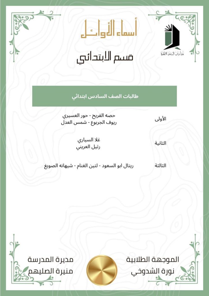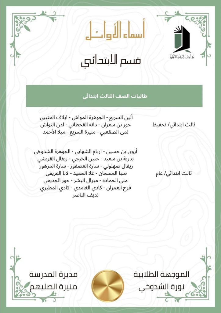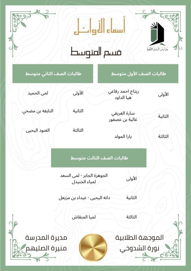 “زرع الأمس هو حصاد اليوم” تعلن مدارس الرشد قسم البنات (الابتدائي/المتوسط) عن الأوائل لجميع المراحل بالفصل الدراسي الثاني وقد كلل بالنجاح والتميز، وتكاتف الجميع من منسوبات المدرسة يدًا بيد مع شركاء النجاح ( أولياء الأمور الأعزاء ). فكل الشكر والتقدير للجهود المبذولة طوال الفصل الدراسي للجميع.
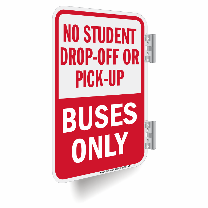 Use this Double-Sided Sign to mark the parking space reserved for buses at your facility and inform drivers that student pick-up or drop-off is not permitted in the area.
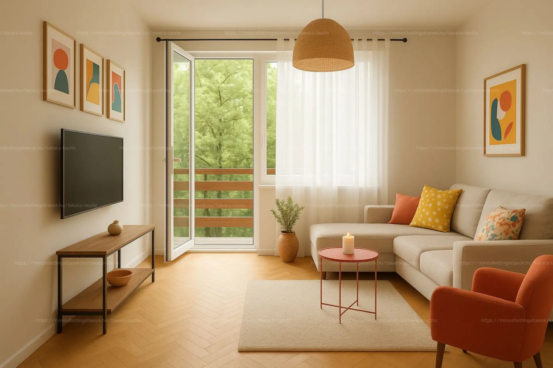 Elrendezés: nappali + 2 külön nyíló hálószoba
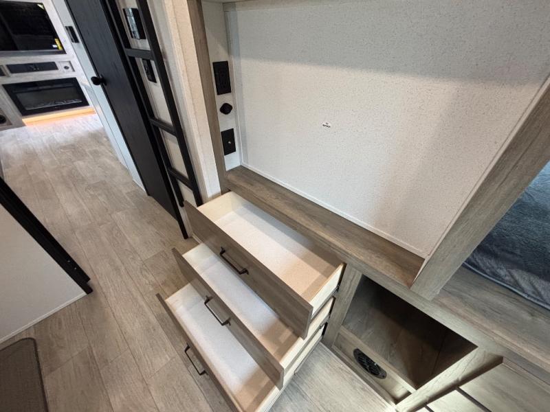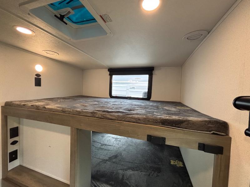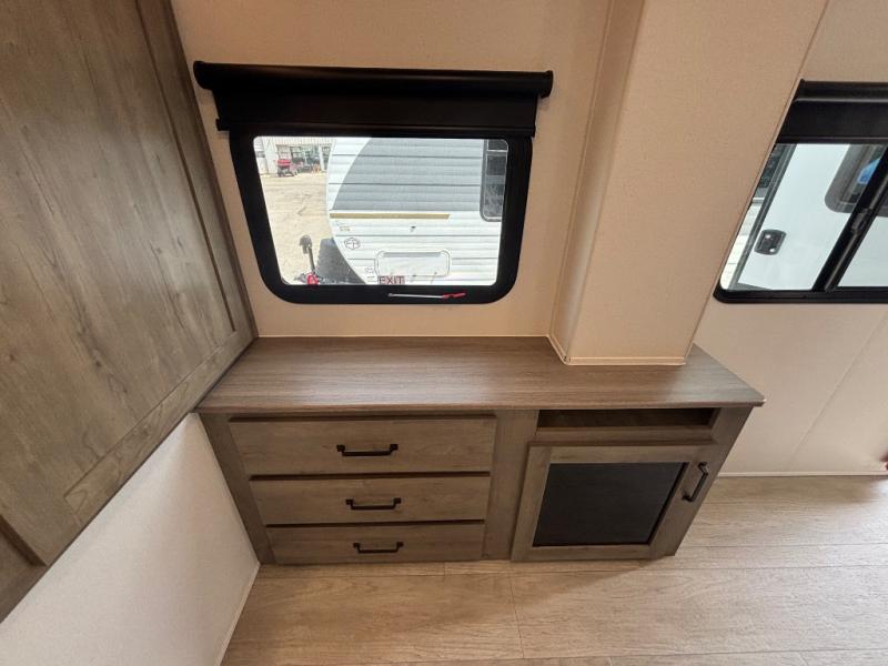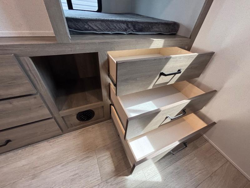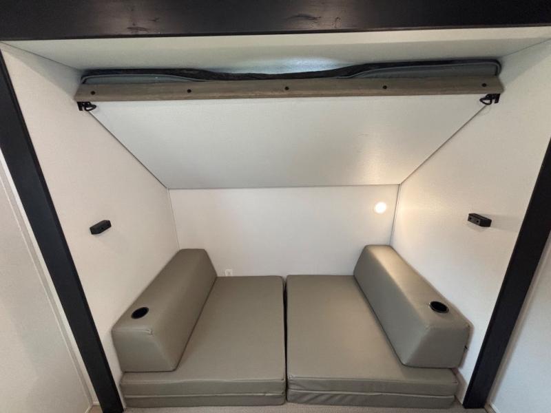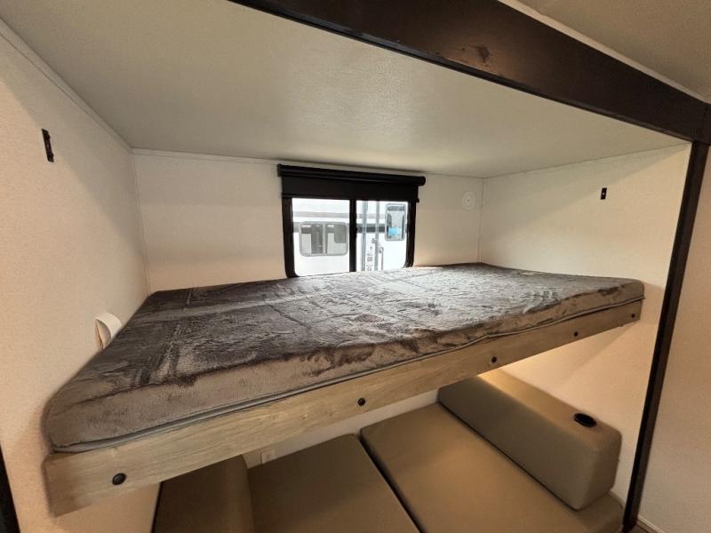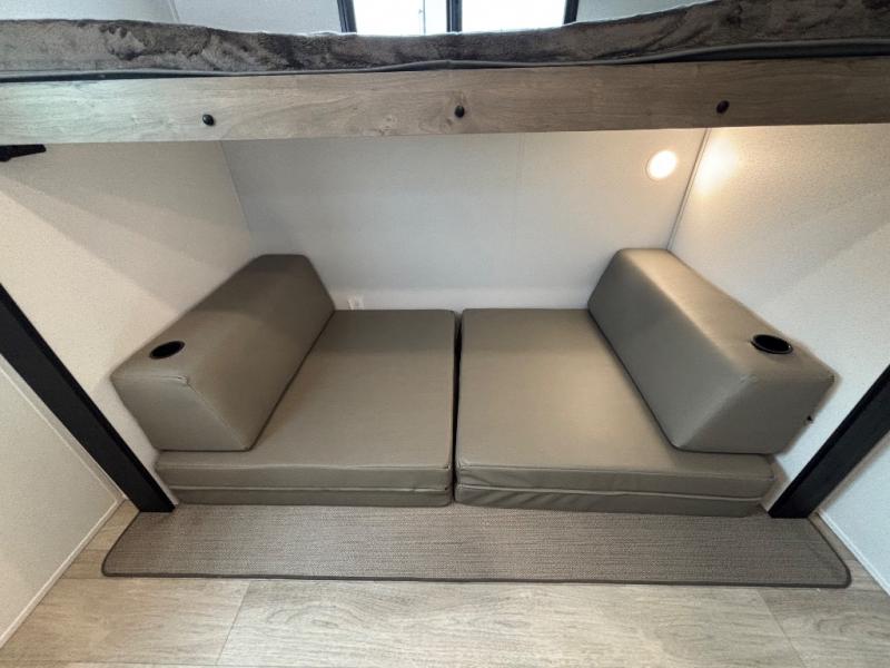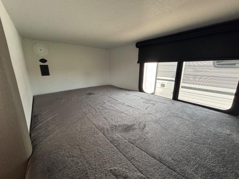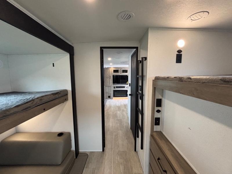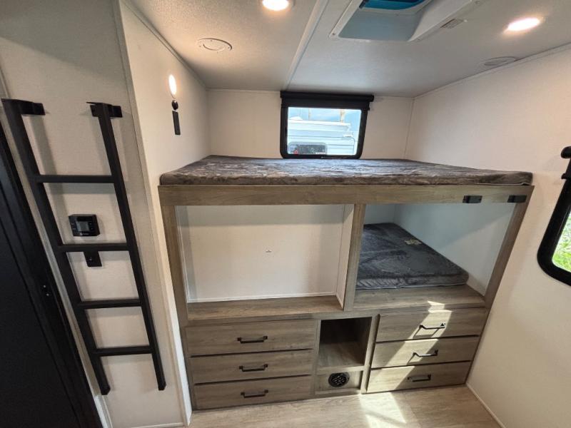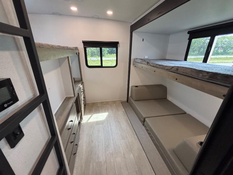 This travel trailer offers so many features that you will love, from a private bunkhouse for overnight guests to having three slide outs giving you a spacious interior throughout! The bunkhouse includes triple bunks, a double-size day bed, and storage space for your guests' things. The full bathroom is centrally located for all to access from the main living and kitchen area where you will find a slide out that includes a booth dinette and a sofa sleeper. The cook will love the kitchen amenities such as the microwave, cooktop, 11 cu. ft. refrigerator, and the L-shaped counter for preparing and serving meals. And don't overlook the front private bedroom with its king bed slide out, dresser, closet, plus a second bedroom closet with washer and dryer prep!

^^^^^^^^

• _TASK GOAL_: Restate the material word for word, minus pictures.

• _SOLUTION_:
 “زرع الأمس هو حصاد اليوم” تعلن مدارس الرشد قسم البنات (الابتدائي/المتوسط) عن الأوائل لجميع المراحل بالفصل الدراسي الثاني وقد كلل بالنجاح والتميز، وتكاتف الجميع من منسوبات المدرسة يدًا بيد مع شركاء النجاح ( أولياء الأمور الأعزاء ). فكل الشكر والتقدير للجهود المبذولة طوال الفصل الدراسي للجميع.
 Use this Double-Sided Sign to mark the parking space reserved for buses at your facility and inform drivers that student pick-up or drop-off is not permitted in the area.
 Elrendezés: nappali + 2 külön nyíló hálószoba
 This travel trailer offers so many features that you will love, from a private bunkhouse for overnight guests to having three slide outs giving you a spacious interior throughout! The bunkhouse includes triple bunks, a double-size day bed, and storage space for your guests' things. The full bathroom is centrally located for all to access from the main living and kitchen area where you will find a slide out that includes a booth dinette and a sofa sleeper. The cook will love the kitchen amenities such as the microwave, cooktop, 11 cu. ft. refrigerator, and the L-shaped counter for preparing and serving meals. And don't overlook the front private bedroom with its king bed slide out, dresser, closet, plus a second bedroom closet with washer and dryer prep!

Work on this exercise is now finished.